Section 259 of the CYFA provides that any person having the care and control of a young person under 17 years of age may apply to the Children's Court for an order to be made if that person believes that there is a "substantial and presently irreconcilable difference between himself or herself and the young person to such an extent that the care and control of the young person are likely to be seriously disrupted".

The CYFA also allows the young person in this situation to make the application to the court. As a matter of practice, they would probably make such an application through a lawyer.

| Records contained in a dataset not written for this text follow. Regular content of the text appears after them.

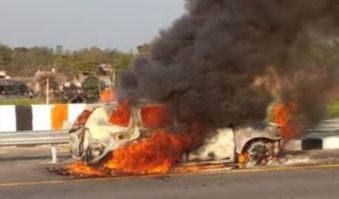 चलती कार में लगी आग, गाड़ी पूरी जलकर हुई खाक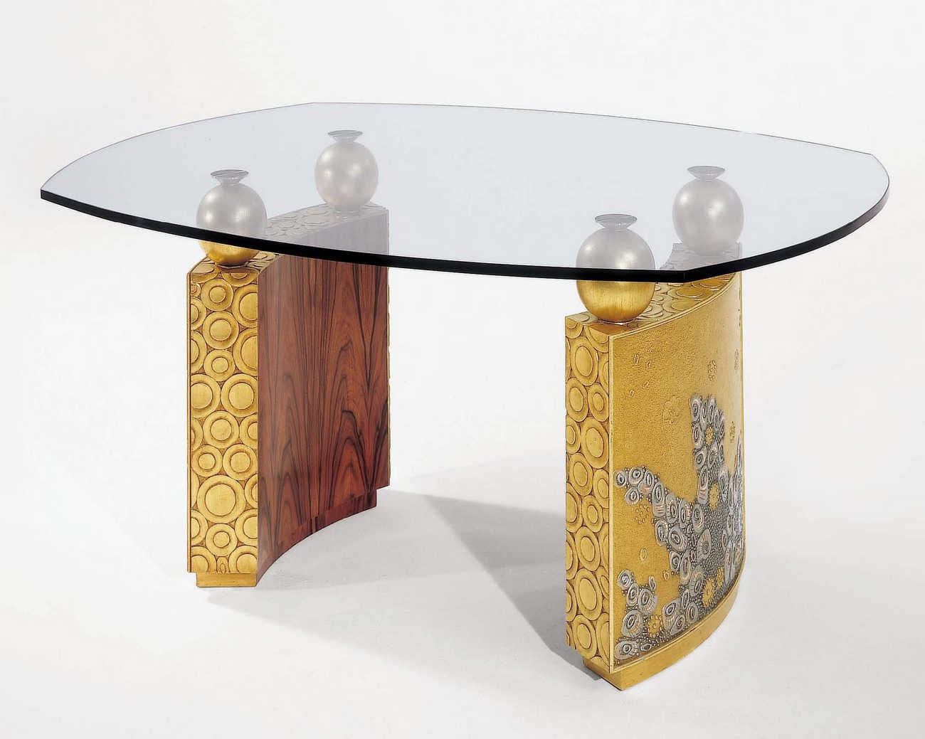 Table from Italian manufacturer Colombo Stile. The frame is made from solid wood. Worktop - glass. Original model, made in a modern style, decorated with unusual ornaments that will give your dining room a special look.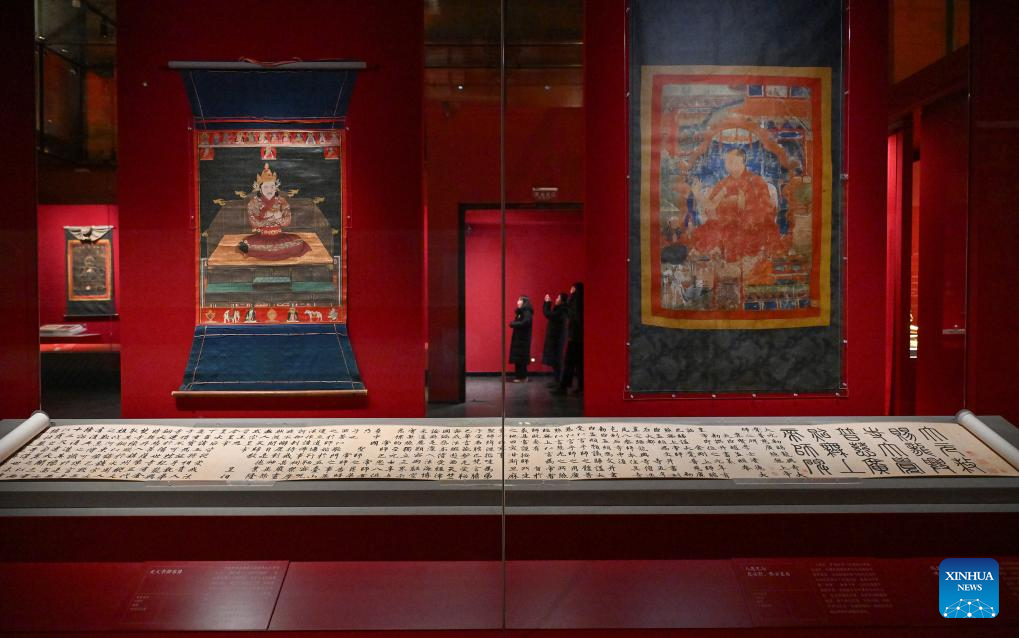 People visit the exhibition "Beyond Time: the history, culture and art of Sakya Monastery" at the Palace Museum in Beijing, capital of China, Feb. 9, 2026. The exhibition, which will last till May 10, showcases over 200 relics reflecting the history, culture and art of Sakya Monastery, the earliest monastery of the Sakya Sect of the Tibetan Buddhism. (Xinhua/Li Xin)

Before an irreconcilable difference application can be heard, conciliation counselling must take place, or be attempted (unless exceptional circumstances exist) and the DHS must provide a Certificate of Conciliation Counselling (s.260). A Magistrate who finds that there are irreconcilable differences between the parties will make a protection order (see: "The Magistrate's order", under "Protection applications", above). Irreconcilable difference applications are now very rare.

Appeals

Under the CYFA, a young person, parent, protective intervener, the Secretary of DHS or the Attorney-General (if involved in the proceeding) may appeal to the County Court (s.328 CYFA), or to the Supreme Court if the decision has been made by the President of the Children's Court. An appeal on a point of law may be made to the Supreme Court on a final order of the Family Division of the Children's Court (s.329). However, if a person appeals on a question of law to the Supreme Court, that person cannot also appeal to the County Court (s.328(5)).

An appeal should be lodged within 28 days of the making of an order.